異形の人魚と呼べる形状へと変化した環境保全分子機械群体上位戦闘体にして、全ての環境保全分子機械群体を産み出した製造プラント、クィーン種の名の如く分子機械群体制御中枢であり、環境保全分子機械群体の最小単位より女神とも呼ばれるソレは“ダムヌ”という個体名を発生時に刻印されている。
“ダムヌ”の後方へ立方体の展開時に内部に取り込まれていた多量の海水が飛沫となって飛び散り雲となった。巨大な質量体が姿を変じたその速度は、物理法則を無視したような高速であり、開かれた両腕が、展開された立方体が周囲の空間を叩いた余波は、再度、衝撃波となって、“救世の光神”に襲い掛かる。
“救世の光神”は機体前方で回転する三機の自律機動攻撃兵器に先導されるように飛翔し、左腕の量子刃形成騎剣で衝撃波を斬り裂いて、その向こう側へと斬り込んでいった。
†
少年はいつもよく見慣れた狭い空間に閉じ込められ、機体へと繋がれたまま、左腕を通して機体へと抜き取られていく何かに違和感を覚え、左腕を抑えながら機体制御システムへと問い掛ける。少年ジョン=ドゥが“救世の光神”の形態となったまま、コクピット内で意識を保っているのは今回が初であったが、周りを気に出来るような余裕は今の彼には無かった。
「これ、なにか……僕の身体から、抜き取っているのか? “簡易神王機構”、どうなっているんだ!?」
『ご主人様、量子機械は際限なく量子誘因反応炉を稼働させています。しかし、それでさえエネルギー供給や、それに伴う量子機械の生成が間に合わず、量子機械を身に宿すご主人様からも吸い上げているものと思われます』
簡易神王機構の機械音声は、そこで一度言葉を区切ると、少し間をあけて言葉を続けた。
『本来の“救世の光神”の能力であれば、あの超巨大質量フォモールであれ消滅させることは計算上可能、ですが、現状のまま、闇雲な戦闘が長引いてしまえばあちらへ大した痛手を与える前にこちらの機体が限界を迎えると予測されます』
少年の意思が介在せぬままに、機体を構成する量子機械は、ジョンから見て我武者羅としか言えないような無様な戦闘を繰り広げている。量子機械のみでは使用不能な機能が存在するのか、目の前の超巨大フォモールを一撃で消し飛ばせるだろう“銀色の左腕”は“神王晃剣”さえ使用できない有様だ。
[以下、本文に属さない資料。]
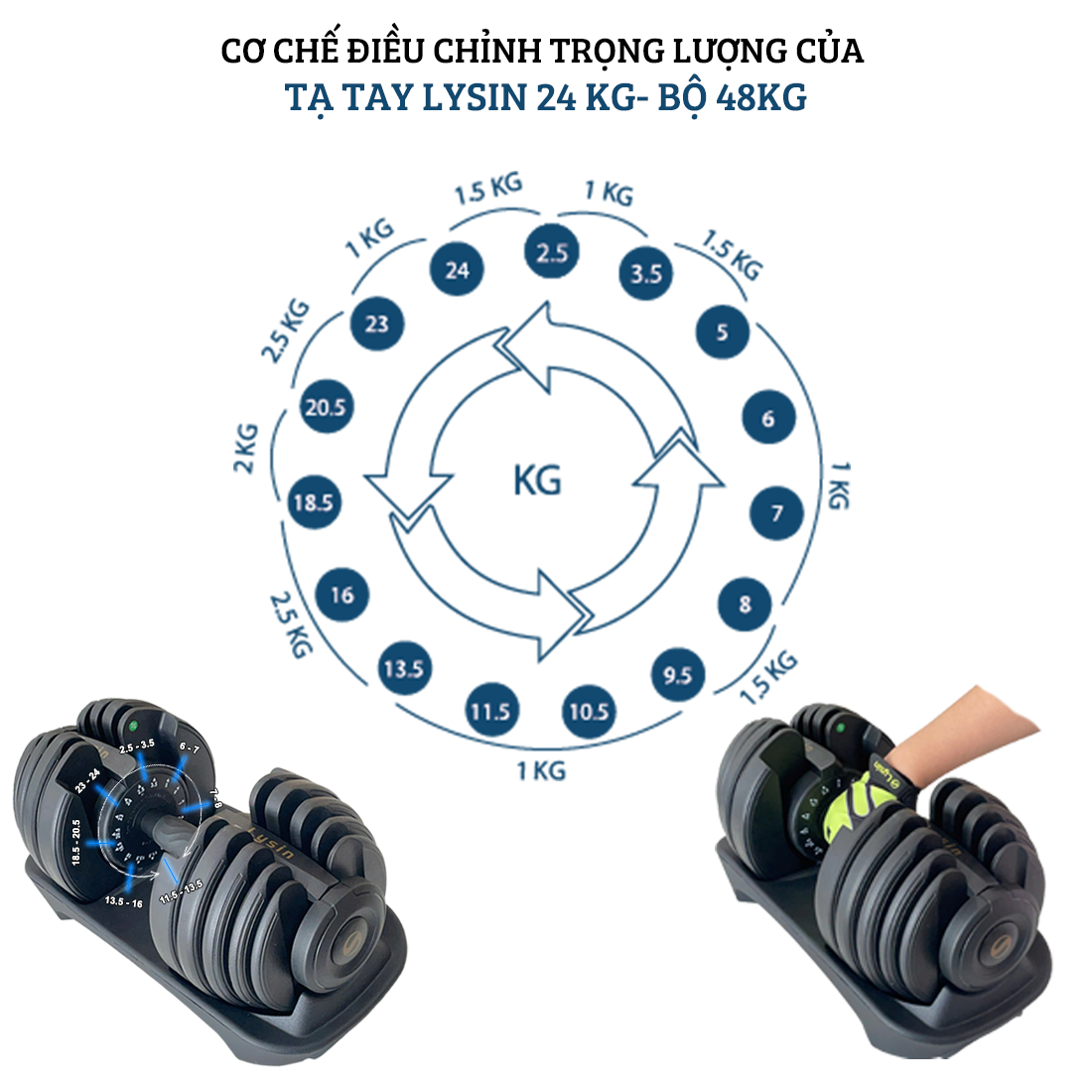 ✨Tạ Đơn Điều Chỉnh Lysin Pumpking 24kg – Tạ Gym Đổi Trọng Lượng Nhanh Một Tay
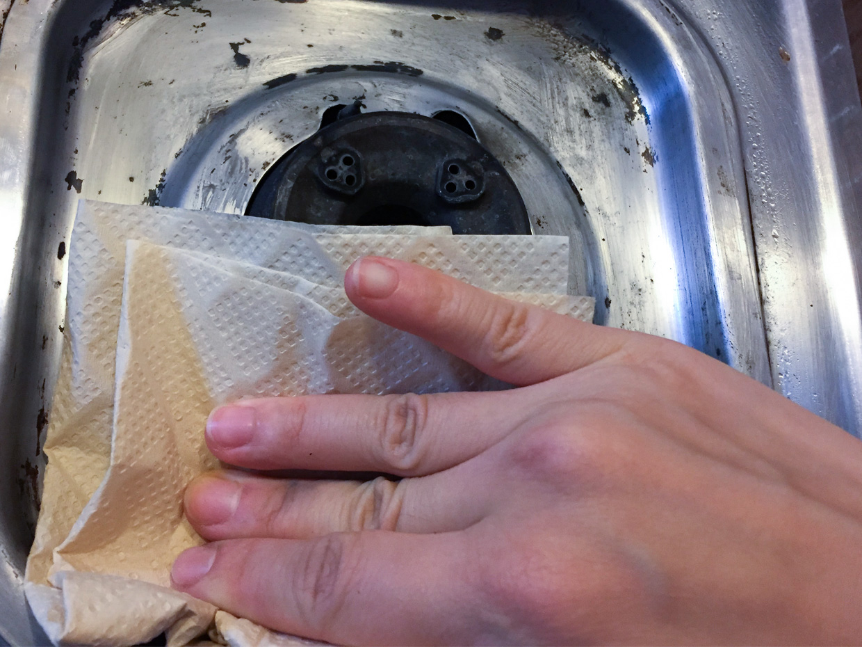 力を入れながらも、すぐに手が疲れてこない程度に3~4分間磨き続ける。仕上げにキッチンペーパーで空拭き。
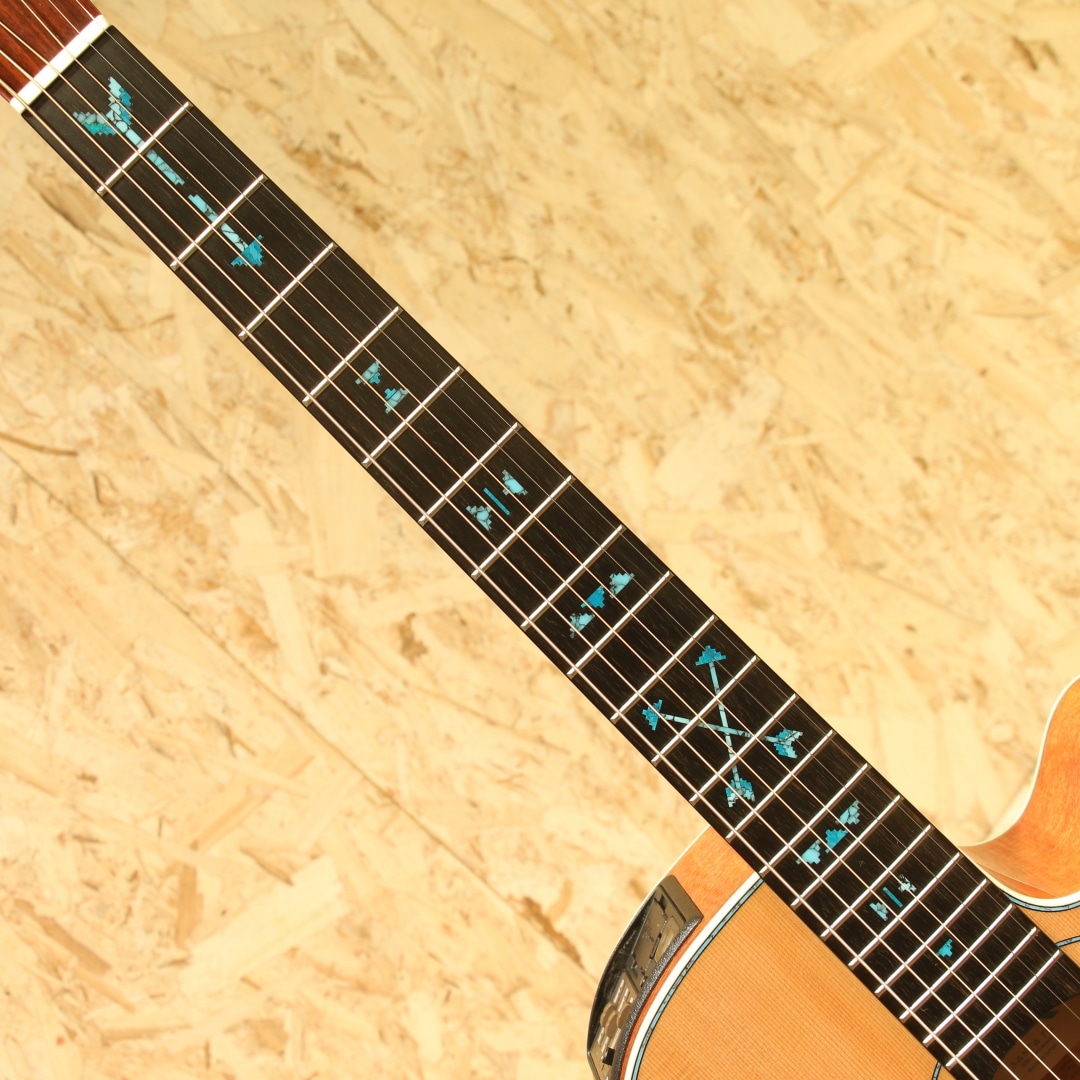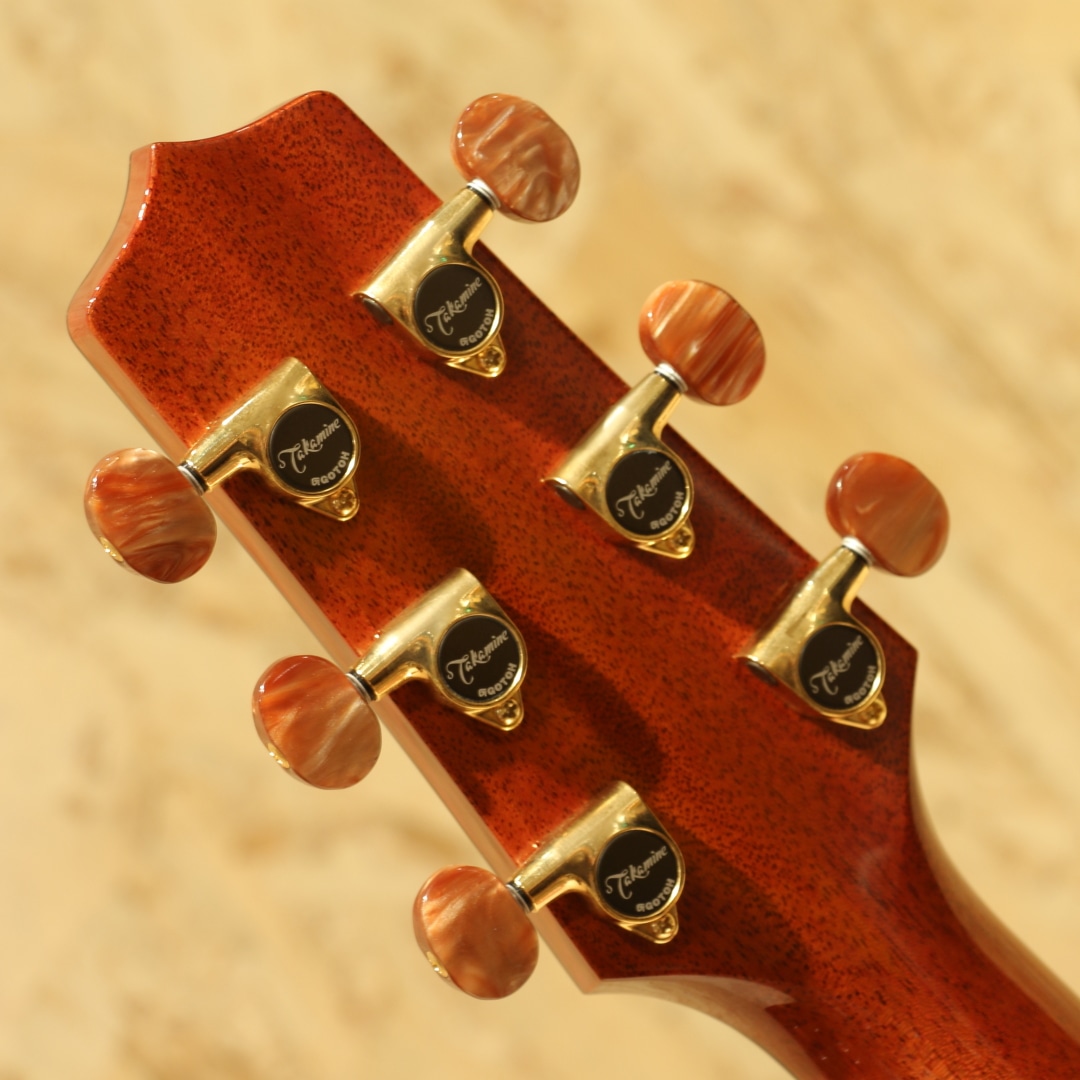 岐阜県中津川市にて製造する国内屈指のワールドワイドなエレアコメーカー"タカミネ"。アメリカや日本をはじめとする世界各国の著名ミュージシャンが愛用する純国産のブランドです。 本器は毎年限定にて販売される人気のリミテッドシリーズ、2023年度の限定モデルネイティブアメリカンのデザインを取り入れ人気を博したサンタフェシリーズの30周年を記念した”LTD2023 SANTA FE 30th Anniversary”の新品同様の中古品が入荷しました!シダートップ、シルキーオークサイド&バック、マホガニーネック、エボニー指板&ブリッジ、ゴトー製ゴールドペグ。指板インレイにはインディアンの平和・友好を示す証"ブロークンアロー/クロスアロー"、その他、ヘッドロゴやESF-93からリファインされたロゼッタインレイ、パーフリングをターコイズで統一し気品のある美しいルックスに仕上がっています。ナット幅42.5mmの細めのネックで握り込みスタイルも容易にグリップでき、手の小さな方にも相性のよいネックシェイプです。タカミネ初期を象徴するブラウンプリアンプを基にした”CTF-2N”プリアンプ搭載。初期のブラウンプリアンプを分解、再組立てから始まり現在でも入手できる部品の選定や回路の見直し等、当時の太く切れ味のあるサウンドを再現。プリアンプ部のデザインも当時のイメージを基にしたルックスです。モダンなアプローチも加わりチューナー内蔵、ノッチフィルター搭載とシンプルかつ現場でより扱いやすい仕様です。統一感のある凛とした佇まいからなるふくよかで明るい音色。タカミネらしい歯切れの良さから柔らかなやや甘みをもったトーンを奏でます。使用感はほぼ見られず、新品時の商品タグや新品時付属していたネイティブアメリカンデザインのオリジナルストラップも未開封のまま残っています。当時、惜しくも買い逃された方は、是非この機会をお見逃しなく!ダークグレーのロゴ入りオリジナルセミハードケースが付属します。
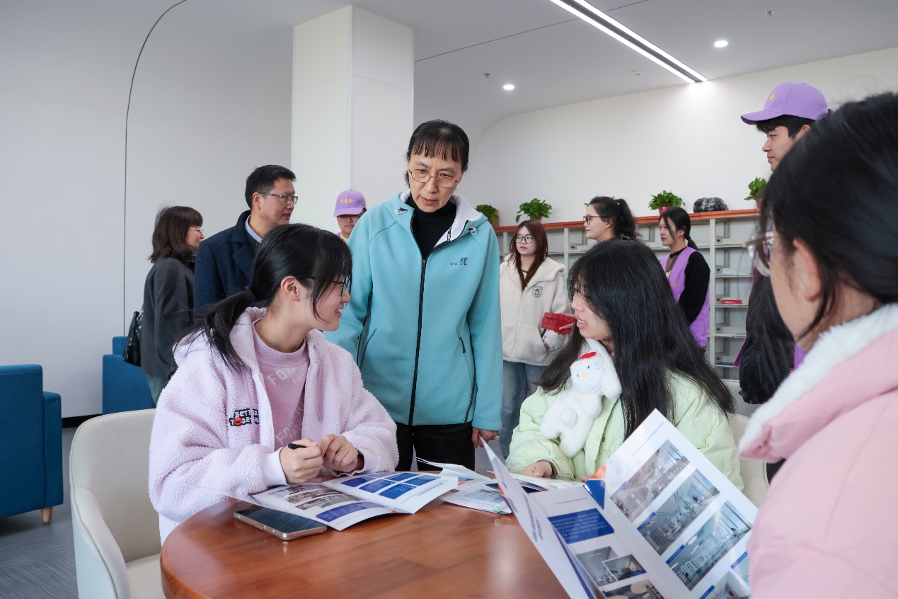 在走访中,刘淑凤一行重点考察了图书馆的书库、自习室以及综合办公区等地方,亲切询问了在场学生的阅读喜好和对图书馆的建议,关心图书馆的开放时间是否符合学生需求,并就如何优化图书馆服务与学生们进行了交流。刘淑凤向相关工作人员详细了解了图书馆基础设施的改造和图书资源建设情况,并就下一步修理维护图书工作提出具体要求。
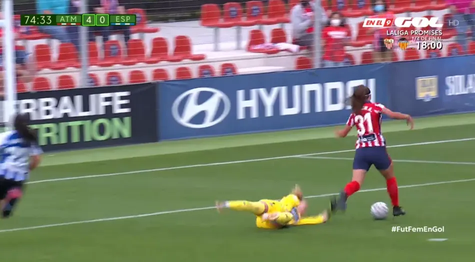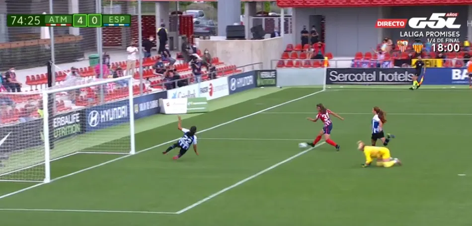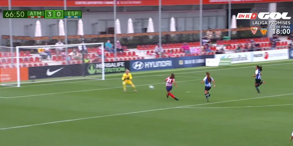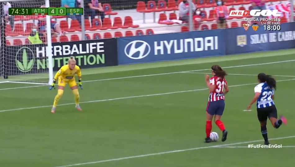 Cuando apenas llevaba cuatro minutos en el terreno de juego, tuvo su primera ocasión de gol, tras plantarse en un 1vs1 frente a la portera del Espanyol, realizando un fuerte disparo que fue al cuerpo de la guardameta, que lo blocó. Tras otra intentona en el 71?, con un balón por la izquierda con el cual se internó en el área, probando a disparar, pero golpeando el balón en una rival por el camino, el gran momento llegó en el 74?, cuando puso el 4-0 en el marcador.
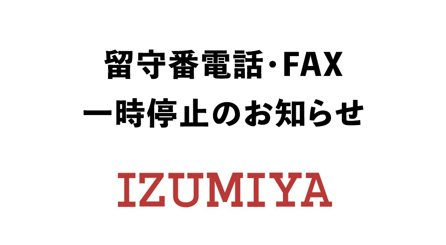 いつもIZUMIYAをご愛顧頂き誠にありがとうございます。 このたび弊社本社ビルにおいて、下記日程で電気工事を実施する運びとなりました。工事に伴い、FAX・留守電でのご注文が下記時間帯に限りご利用頂けなくなります。ご不便をおかけいたしますが、ご理解、ご協力のほどをよろしくお願い申し上げます。
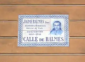 Influido por la historiografía romántica, Balaguer introdujo numerosos nombres de signo catalanista, abriendo la puerta para numerosas poblaciones catalanas que siguieron el mismo ejemplo.[111] Creó así diversas calles con nombres de territorios vinculados con la Corona de Aragón: Valencia, Mallorca, Aragón, Provenza, Rosellón, Nápoles, Calabria, Córcega, Sicilia y Cerdeña; instituciones como las Cortes Catalanas, la Diputación, el Parlamento o el Consejo de Ciento; personajes de la política, las letras o las artes catalanas: Balmes, Aribau, Muntaner, Casanova, Pau Claris, Roger de Flor, Villarroel, Roger de Lauria, Conde Borrell, Conde de Urgel, Entenza, Ausiàs March, Llull, Llança, Alí Bey, Manso, Pallars, Pujades, Rocafort, Tamarit, Viladomat, Vilanova o Vilamarí; batallas y hechos históricos, como Bailén, Lepanto, Bruc o Caspe.[112] También dedicó calles a la Industria, la Marina y el Comercio, y a las ciudades catalanas de Gerona y Tarragona.[113] De su propuesta inicial hubo alguna modificación, como la calle de la Universidad, que en 1916 fue reconvertida en Enrique Granados a la muerte del compositor; y algunos nombres que finalmente no se materializaron, como Atenas, Desclot, Barceló, Capmany, La Coronela y Llobregat.[114]
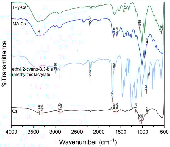 FTIR spectra of TPy-Cs1 derivative (Figure 5) showed the disappearance of the peaks of C-S groups at 947 and 892 cm−1, indicating the condensation between the -SMe groups of MA-Cs and the -NH2 groups of the thiocabohydrazide (TCH) with the elimination of MeSH (Scheme 2). The peak corresponding to CN groups at 2207 cm−1 also disappeared. Further, the absorption peak of the C=S group at 1065 cm−1 overlapped with that of the C–O group, obtaining a broad, strong peak. The absorption peaks related to N–C–S groups appeared at 1417 and 597 cm−1 [44].
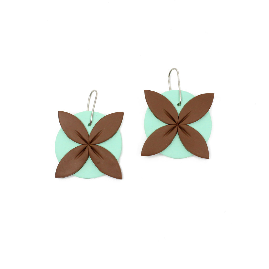 Tipani Statement Earrings Brown & Mint | by Leone Samu Tui
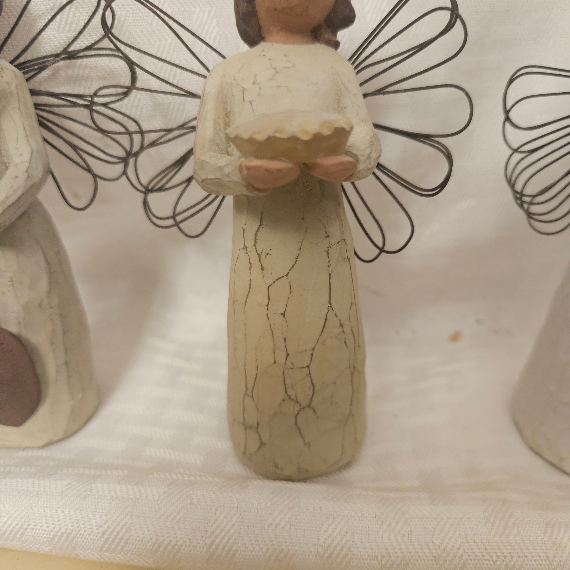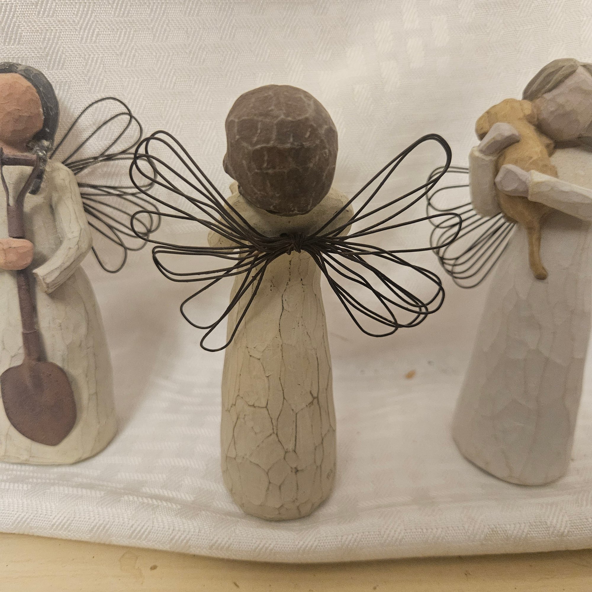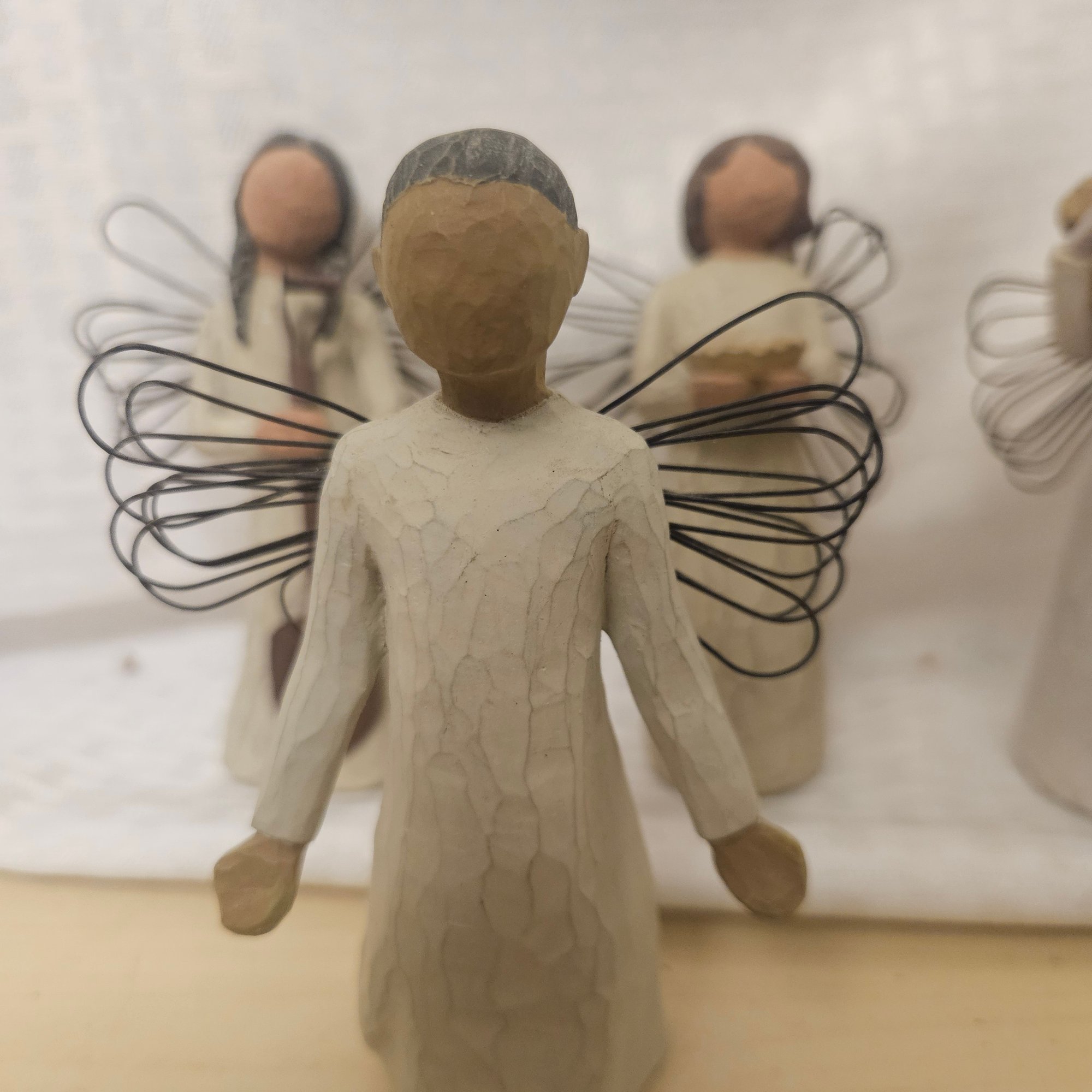This lot includes six different angel figurines from the Willow Tree collection, each beautifully crafted with the signature graceful and symbolic design. Perfect for collectors, gift-giving, or heartfelt home décor, this set adds serenity, charm, and meaningful sentiment to any display or collection.

「“簡易神王機構”、量子機械の説得はできないのっ!?。僕も戦闘に加わらせろってさ!!」
『接触は行っていますが、量子機械はほぼ自閉状態となっています。どこまで食い下がれるかわかりませんが、ご主人様の要望です。可能な限り、量子機械への説得を試みます』
量子機械粒子が“救世の光神”の機体全体から際限なく放出され続け、ジョンの意識まで流れ出て消えてしまいそうになる。
「……急いで、もう……意識を保つのも……」
少年は絞り出すようにそう言葉を溢し、落ちそうになる瞼を必死に開き続けようとした。簡易神王機構はパイロットであるジョンの状況を見守りつつ、量子機械への説得を続け、更に外部での戦闘状況の観測も行う。
『駄目です!! ご主人様!?』
不意に、少年の意識はとうとう闇に飲まれていった。